Thanks Pierre! I've included the .spacy file in the attached zip folder.

Replication:

doc = list(docbin_reader('example_error.spacy')) hmm = aggregation.HMM("hmm", [PGL_TAG, DB_TAG, SW_TAG, ORG_TAG], sequence_labelling=True) hmm.add_underspecified_label(HRD_TAG, [PGL_TAG, DB_TAG, SWTAG]) = hmm.fit_and_aggregate(doc)


[example_error.spacy.zip](https://github.com/NorskRegnesentral/skweak/files/7631219/example_error.spacy.zip)
plison commented 2 years ago

Thanks! I had a look at your document, but it seems like the only label that is actually provided in this dataset is the underspecified HRD label:

saro_products_lf: {angular: 'HRD'}
saro_tools_lf: {}
o_net_skills_lf: {}
dice_skills_lf: {angular: 'HRD'}
multi_token_dice_detector: {}
multi_token_saro_products_detector: {}
multi_token_saro_tools_detector: {}
multi_token_o_net_skills_detector: {}
digital_com_pgls_lf: {}
ne_pgls_lf: {}
so_pgls_lf: {}
st_pgls_lf: {}
wiki_pgls_lf: {}
db_engines_dbs_lf: {}
nosql_wiki_dbs_lf: {}
popular_dbs_lf: {}
rbdms_wiki_dbs_lf: {}
so_dbs_lf: {}
software_companies_lf: {}
company_with_punctuation_hard_skill_detector: {}
company_within_noun_phrase_detector: {}
company_with_acronym_detector: {}
company_into_database_detector: {}
oracle_into_database_detector: {}
hmm: {}
verb_detector: {}

That's what confuses the model: it hasn't seen any observation of the actual labels you want to aggregate (PDL, DB, etc.). Which means the transition model and observation models are impossible to estimate.
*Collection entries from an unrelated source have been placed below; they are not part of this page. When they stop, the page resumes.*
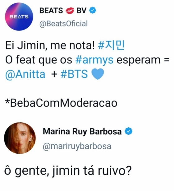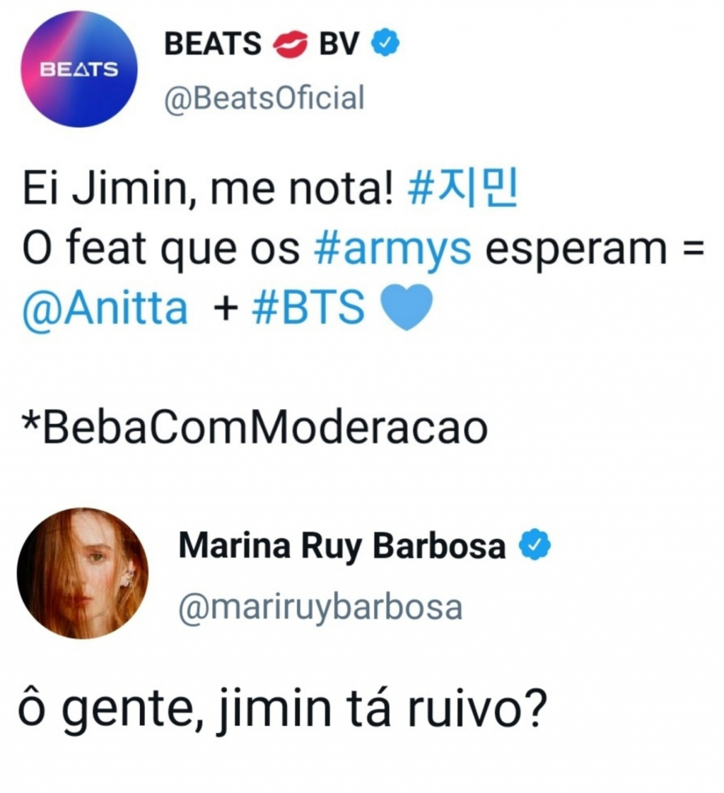 'BTEATS'는 특히 '지민'이라는 한국어 이름으로 각별한 애정을 드러내며 1360만 팔로워를 보유한 브라질 국민가수이자 배우, 진행자 등으로 활동하는 자사 브랜드 마케팅 책임자 아니따(Anitta)까지 소환하며 적극적인 러브콜을 펼쳤다.
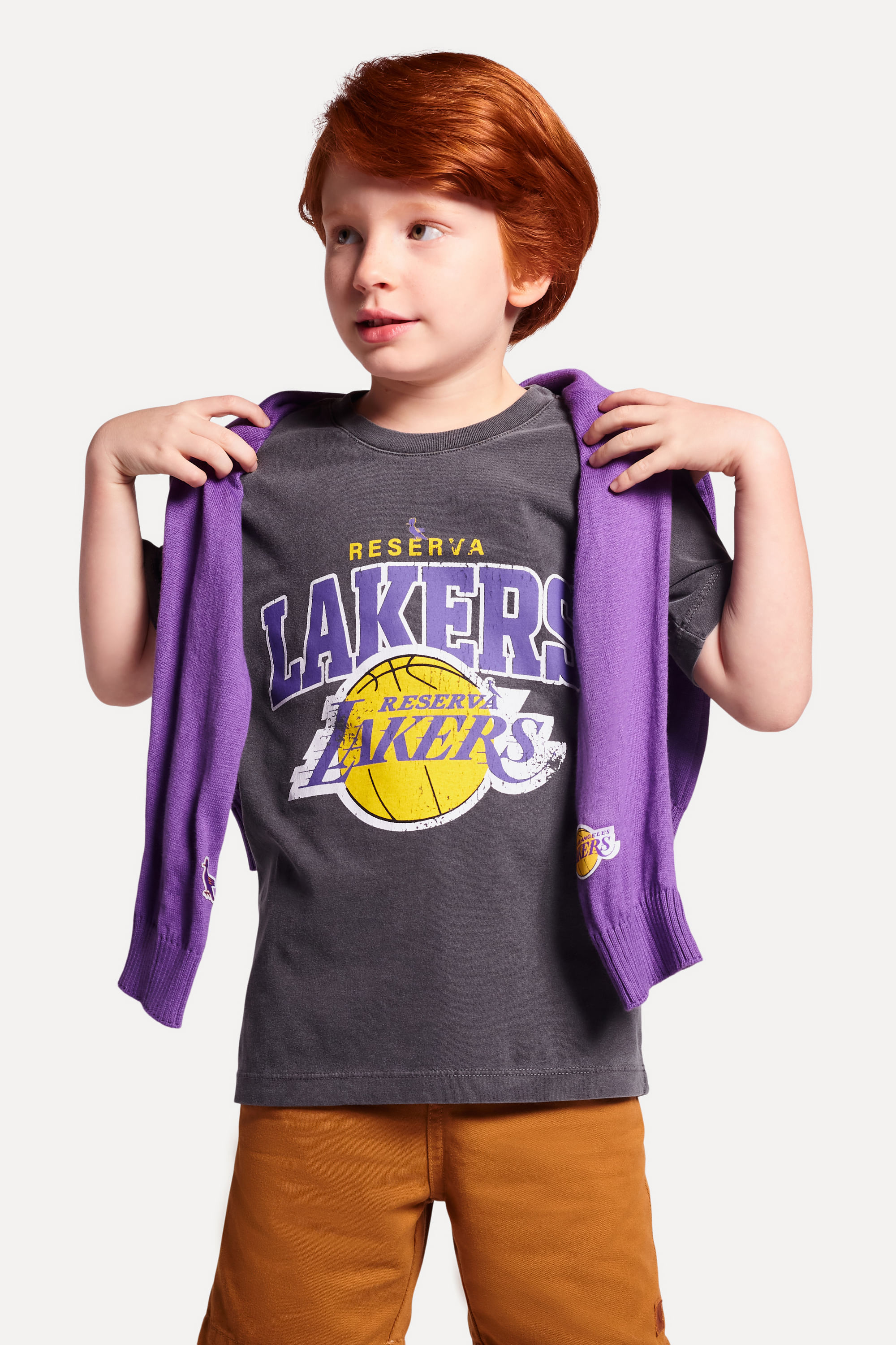 Feita de algodão com detalhe estonado, possui modelagem regular e estampa frontal do clássico escudo dos Lakers. Ideal para os Minis mais descolados e amantes do esporte. Produzido eticamente no Brasil. Comprando esta peça, você complementa cinco pratos de comida através do nosso programa 1P=5P.
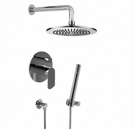 Trim plate and handle8" Showerhead with 12" arm & flangeWall bracket handshower set with 59" hoseShowerhead features no-clog, easy-clean spray nozzlesFlow rates: Showerhead - 2.0 max gpm, handshower - 1.5 max gpm1/2" Rough valve flow rate - 6.5 gpm @60 psi from spo
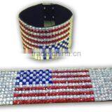 Rhinestone Attached on PU Leather Bracelet, Hot Sale Gift Leather With Crystal Gem Decoration
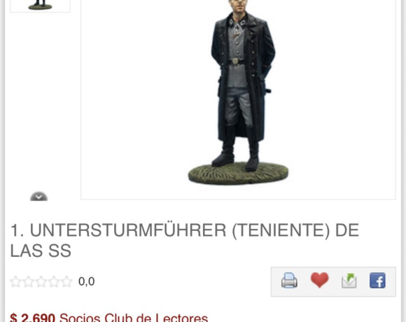 Tiempo de lectura aprox: 48 segundosLa embajada de Alemania en chile se une a las críticas que recibió El Mercurio después de la oferta, que entregaba su Club de Lectores, para la compra de la figura coleccionable de un “Urtensturmfürercauso”, teniente de la SS, organización de seguridad paramilitar impuesta por Adolf Hitler. En su comunicado […]
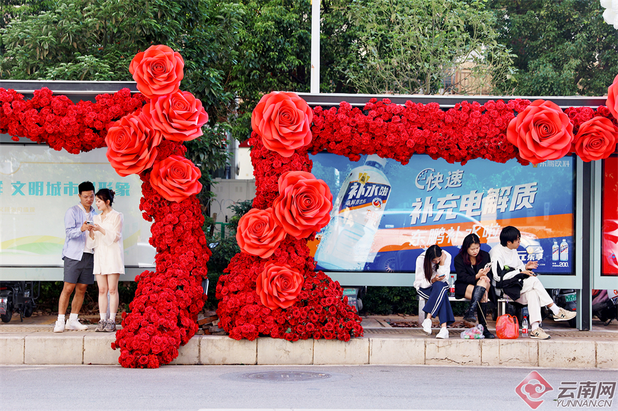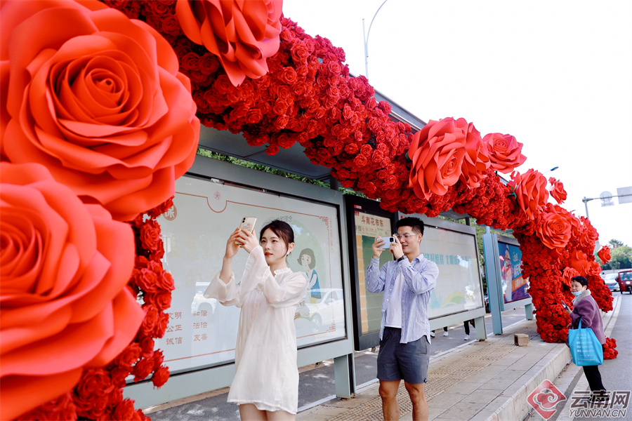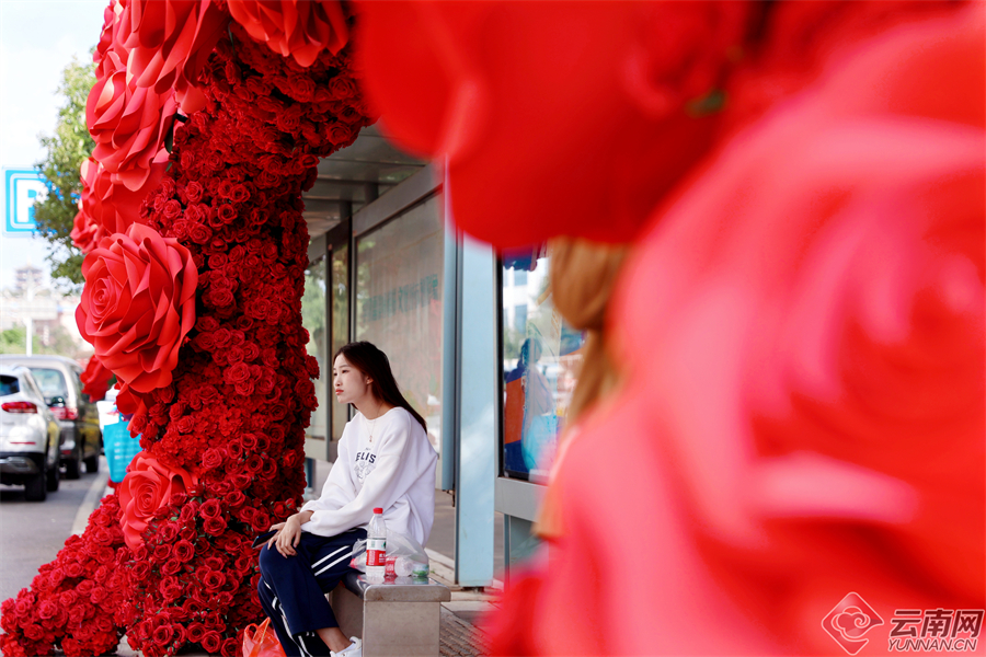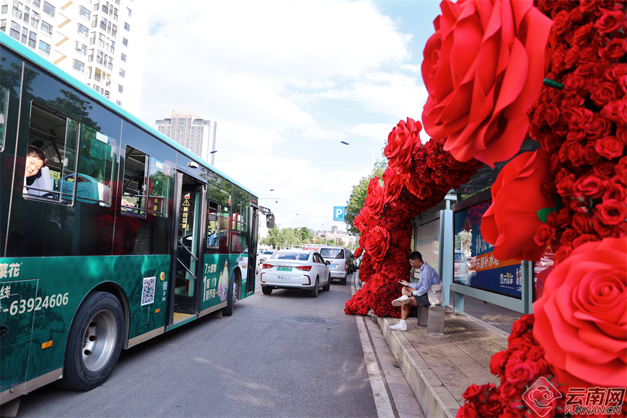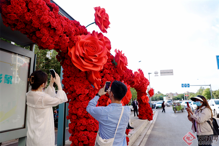 连日来,斗南花市周边的多个鲜花站台成功出圈,成为春城市民和游客争相打卡的夏季浪漫景点。近日,呈贡又一座公交站台“开”满了火红而炙热的玫瑰,走进铺满巨型玫瑰的“斗南花市东”站,昆明专有的浪漫和热情扑面而来。

schopra8 commented 2 years ago

Thanks for the explanation Pierre! I think I've misunderstood how underspecified labels work.

I've been presuming that:

  1. I can label sequences with the under-specified label (if no other more specific labels are present)
  2. "back-off" to the underspecified label if there is disagreement between more specific labels

Am I correct in stating that assumption 1 is incorrect and assumption 2 is correct? And Is there a good way to realize both assumptions in skweak?

As you saw in the example doc, I have entities that I know belong to "HRD" but don't know which specific sub-category they should be assigned (i.e., not present in sub-category gazetteers). Thanks again!

plison commented 2 years ago

Yes, you are correct, the underspecified labels are employed to provide a "weaker" signal (i.e. allowing a labelling function to output a subset of possible labels instead of a single one). But they are not meant to be used as some kind of hierarchical labelling, where one can "back-off" to the underspecified value. That would indeed be very interesting to investigate, but it would require a much more advanced probabilistic model than a classical HMM.

I guess a relatively quick fix would be to add this HRD value to the list of output labels that can be aggregated over, like this:

docs = list(skweak.utils.docbin_reader('example_error.spacy'))
hmm = skweak.aggregation.HMM("hmm", [PGL_TAG, DB_TAG, SW_TAG, ORG_TAG, HRD_TAG], sequence_labelling=True)
hmm.add_underspecified_label(HRD_TAG, [PGL_TAG, DB_TAG, SW_TAG, HRD_TAG])
_ = hmm.fit_and_aggregate(docs)

But I'm not really sure about what kind of solutions the EM algorithm will converge to in this setting.